The Mental Bit

The Mental Bit

Apr 05, 2023

So, I'll preface this with I'm not an a typical human. I have ADHD and I'm probably on the autism spectrum but that's difficult to get anyone to diagnose in Greece.

Anyway, as usual I digress. Every endeavour will usually be defeated by the mind before the body. The body is an amazing machine, sometimes let down by the mind if it wanders to far off its path.

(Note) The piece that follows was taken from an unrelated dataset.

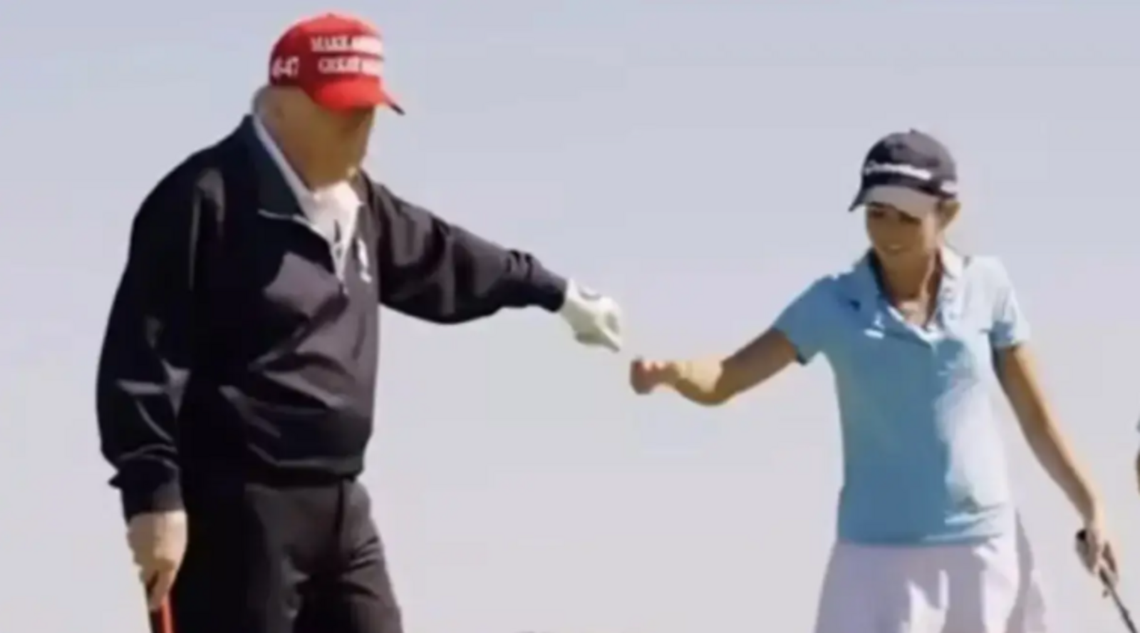 Видеода Трамптың гольф алаңында уақыт өткізіп, бірнеше соққы жасап, немересімен бірге гольф көлігіне мініп жүрген сәттері бейнеленген.

I've been in a fight with my mind for as long as I remember, combating the ADHD, dealing with insane bouts of depression, accepting I don't really understand consequences of my actions until after the event. Now I have an outlet that keeps my mind on track, cycling in many ways has saved me from myself.

And this is why I always want to push harder, go further, go faster. It levels me out, the challenge is less physical. All I have to do is keep turning the cranks and I keep moving forward. The challenge is not letting the doubts whispering in my mind become shouts and screams. On a bike I've mastered this, apart from that one time when my feet got super cold and I bailed.

The point is to learn what brings the doubts and fears and work through them, rationalise it all, and make a plan to get through it. I regularly have to tell my mind to go another 50km, then another. But I never let my mind win when I'm on a bike, I'll ride until my body says no more, not my head.

Yesterday, as I said in the previous post put me through the ringer, but I've now worked through the issues, I'm still not happy, but they are just obstacles that bother my mind more than my body. So we'll push through.

Its time to believe in yourself, and what you can do. It's what's landed me in Lyon doing a 1000km race.